From the records below, output exactly the lines starting at the line with "DIRECTION TO APPLY" and ending at the line with "Lundi | 07:00-19:00 |", both of them included, but no pictures.
--- Provided records Enclosed Below ---
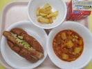 | ホットドッグ フライドポテト チキンと豆のトマト煮 牛乳 |
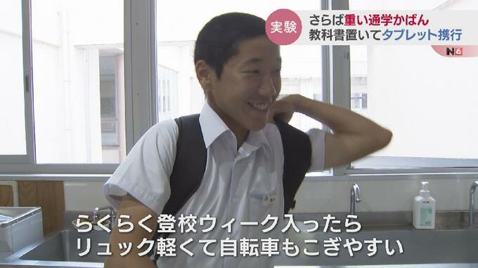 生徒:「教科書持ってこなくていいっていうのがやっぱ楽っすね。満杯、これがここらへんまで教科書あった。チャリ通(自転車通学)なんで3キロぐらい通ってるんですけど、らくらくウィーク入ったらリュック軽くてチャリも漕ぎやすいっす」
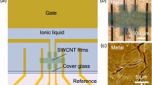 with L the inter electrode spacing (≈120 nm), W the width of the film (≈420 nm), \({C}_{\sum }\) the sheet capacitance (11.5 nF.cm−2), VDS the applied bias and \(\frac{\partial i}{\partial {V}_{GS}}\) the transconductance. We estimate the mobility in the single plane to be in the 30–50 cm2V−1s−1 range which is only one decade below the typical values obtained for molecular beam epitaxy (MBE) grown film43.
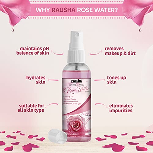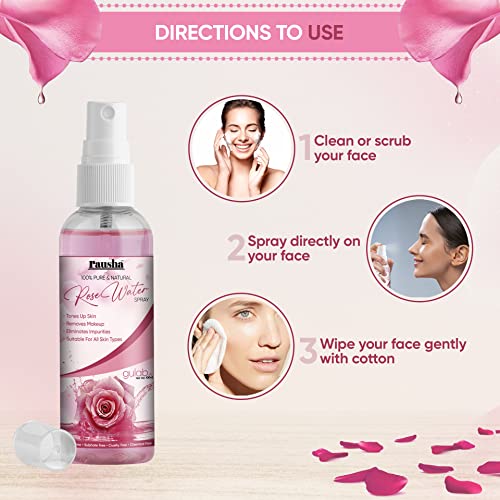 DIRECTION TO APPLY MIST SPRAY: Suitable for daily use in a regular skincare routine. Simply apply Rausha Rose Water Spray toner all over your face and neck, then gently pat and dry your skin. Apply it for skin hydration and moisturization.
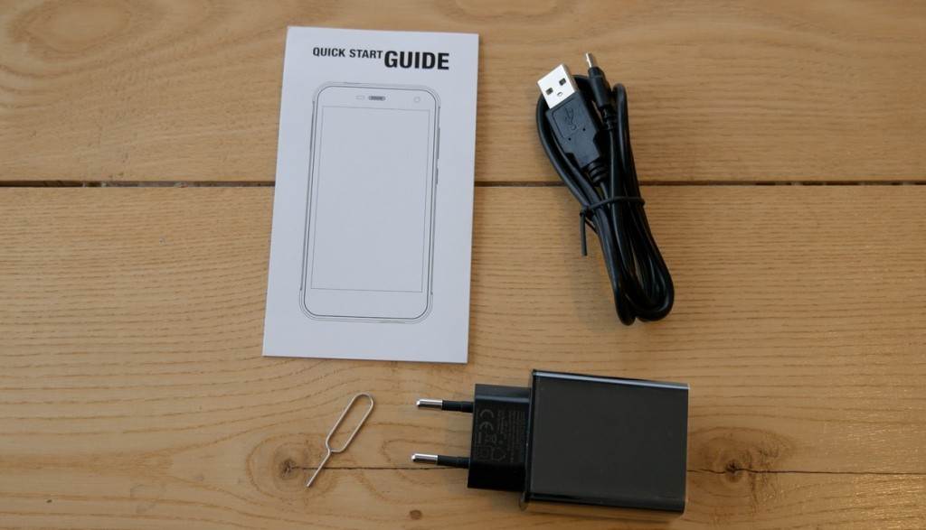 The box includes a charger (euro plug), a microUSB cable, a pin to open the tray, an instruction in English and a warranty card.
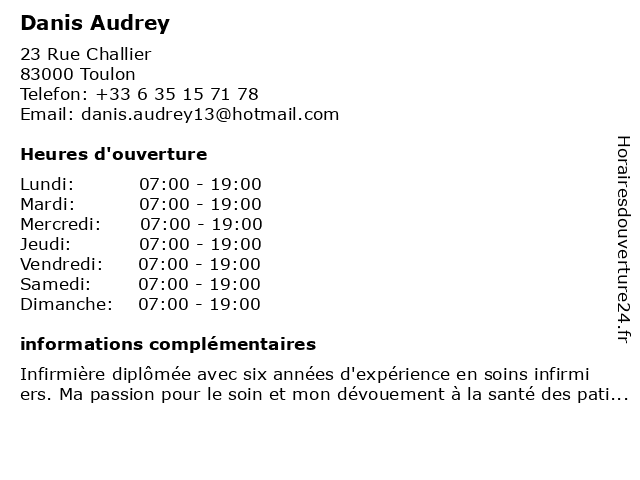 | Lundi | 07:00-19:00 |
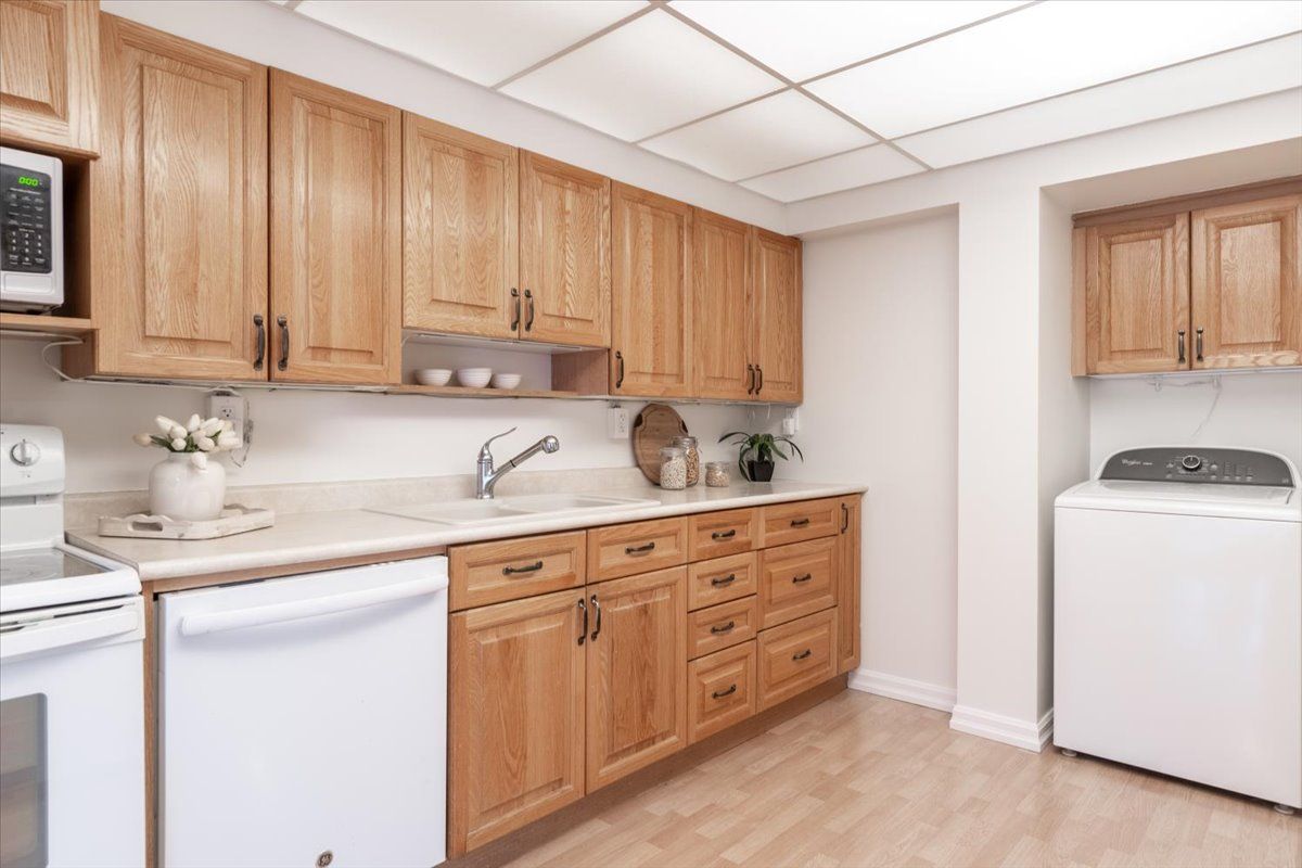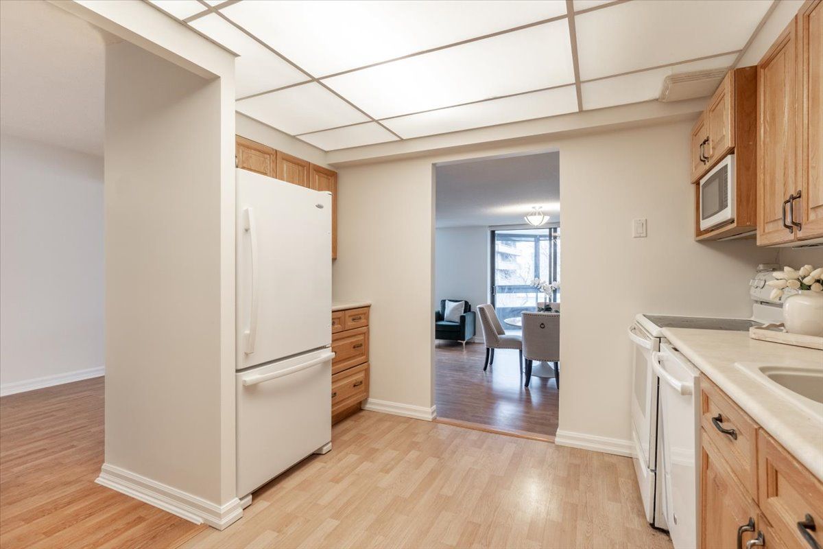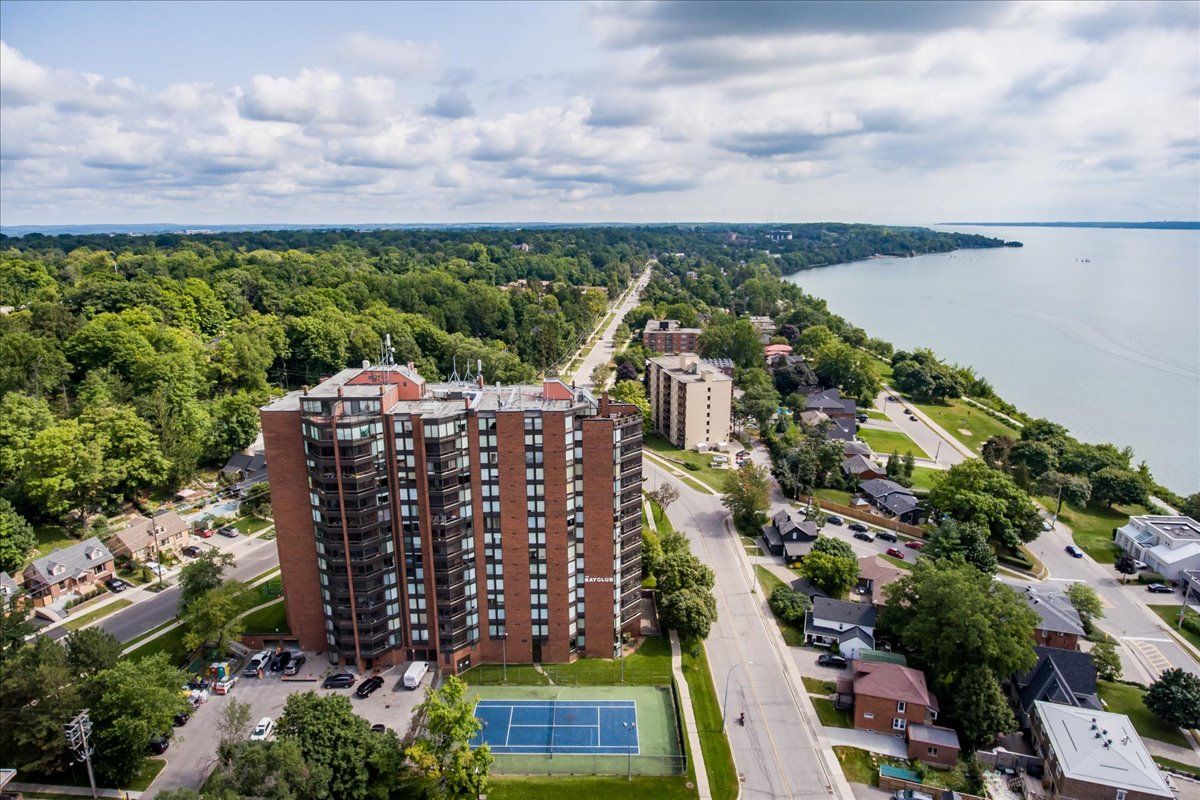 Welcome to the bayclub! Spacious 2-bedroom, 2-bathroom 1,265 square foot suite. This lovely condo has a nice bright southwestern view, overlooking the newly surfaced pickle ball court. Large kitchen with loads of cabinets, pot drawers, double sink and built in laundry area. Roomy storage room that could easily accommodate the laundry for a dedicated laundry room. Spacious living room combined with the dining, bright and cheery with warm wood tones. Both the main bathroom and the ensuite bath have been updated, ensuite has walk-in shower. Large primary bedroom with a large walk-through closet. Home has been recently painted throughout with neutral paint and newer laminate flooring in the primary bedroom. Lovely enclosed balcony, barbecues are permitted. The underground has an assigned parking space and storage locker. The bayclub is located in the highly desired quiet east end of barrie steps to kempenfelt bay, walking path, downtown, and shopping as well as the parkview centre and transit. Best variety of recreational activities of all barrie condos. Fantastic recreation facilities include one of the largest indoor pools of all the barrie condominiums, indoor squash court, outdoor tennis/pickle ball court, expansive workshop for those who are handy or want to be, exercise room, billiards room, library, sauna, party room, guest suite, potting room for plant enthusiasts. Onsite management, superintendent and cleaner. Visitor parking lot and lovely well-kept grounds. Rent includes - upgraded cable package (internet & cable tv) approximate value of $200/month, water, parking, use of all of the facilities.
--- End of Enclosed Provided records ---
**Exercise solution**:
 DIRECTION TO APPLY MIST SPRAY: Suitable for daily use in a regular skincare routine. Simply apply Rausha Rose Water Spray toner all over your face and neck, then gently pat and dry your skin. Apply it for skin hydration and moisturization.
 The box includes a charger (euro plug), a microUSB cable, a pin to open the tray, an instruction in English and a warranty card.
 | Lundi | 07:00-19:00 |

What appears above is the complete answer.